Duran Kalkan (born Güzelim, Tufanbeyli, Adana Province, Turkey, 14 July 1954), also known as Selahattin Abbas, or Selahattin Erdem is a found member and senior commander of the Kurdistan Workers' Party (PKK). He is wanted by both the United States Department of the Treasury and the Government of Turkey.

==Biography==

=== Early life and education ===
Kalkan was born in Güzelim, Tufanbeyli, Adana, on 14 August 1954 to a Turkish family that had migrated from Erzurum. He attended the Adana Teachers School, going on to the Ankara University Faculty of Arts and Sciences, where it is likely he was radicalized in the intense and polarized student-politics of the time. He graduated in 1978. During this time, Kalkan was among a group around Abdullah Öcalan, Ali Haydar Kaytan and Cemîl Bayık amongst others which held regular meetings from 1973 onwards and were known as the Kurdistan Revolutionaries later on. He was shortly detained together with Öcalan and Haydar Kaytan in December 1974, as the Turkish authorities closed down the Ankara Demokratik Yüksek Öğrenim Derneği (ADYÖD).

=== Kurdistan Workers Party ===
On November 27 of 1978 in Turkey's Diyarbakir Province the founding congress of the Kurdistan Workers' Party was held, in which he initially served as a guerrilla commander. He succeeded Riza Altun as the PKK's transnational finance manager in the late 1980s and managed the organization's finances in Germany until the late 1980s. He was arrested in 1988 and prosecuted during the Kurdish trial in Düsseldorf, Germany. During pre-trial detention in Hamburg he participated in a hunger strike which lasted for 40 days. He was accused of together with Hasan Güler, to have led the European organization of the PKK and ordered the murder of Ramazan Adigüzel. The state prosecutor demanded a life sentence but he was given six years for being a leader within a terrorist organization and due to his pretrial detention he was released. After he moved to Iraqi Kurdistan, to evade arrest warrants. There he served as commander in the Arteshen Rizgariya Gelli Kurdistan (ARGK) and member of the PKK's Presidential Council, eventually becoming a member of the Executive Council of the Koma Civakên Kurdistan (KCK).

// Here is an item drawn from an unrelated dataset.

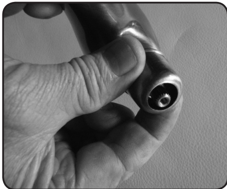
4. Lossa täckringen.

He published articles in the Özgür Gündem newspaper under the pen-name Adil Bayram, and regularly gives interviews to the press.

== Criminal charges ==
Kalkan is in the red category of the "most wanted terrorists list" published by the Ministry of Interior of the Republic of Turkey since October 28, 2015. The list contains information that Duran Kalkan was born in Adana in 1954 and is a member of the PKK/KCK organization. The Ministry announced that a monetary reward of up to 10 million Turkish liras will be given to Kalkan in this category.
On 13 December 2016, the Mardin 1st Criminal Court of Peace issued a detention warrant for Kalkan and Murat Karayılan, another PKK commander, as part of an investigation into the killing of the Kaymakam of Derik, Muhammet Fatih Safitürk.
In November 2018 the USA declared, that within their Reward for Justice Program they offered a bounty of 3 million US-dollars for informations that led to the capture of Duran Kalkan.

Duran Kalkan, Murat Karayılan and Cemil Bayık, the three current leaders of the PKK, are wanted by the United States Department of the Treasury and the Government of Turkey for recruiting child soldiers, engaging in drug trafficking, targeting Turkish government officials, police and security forces, and indiscriminately injuring and killing civilians.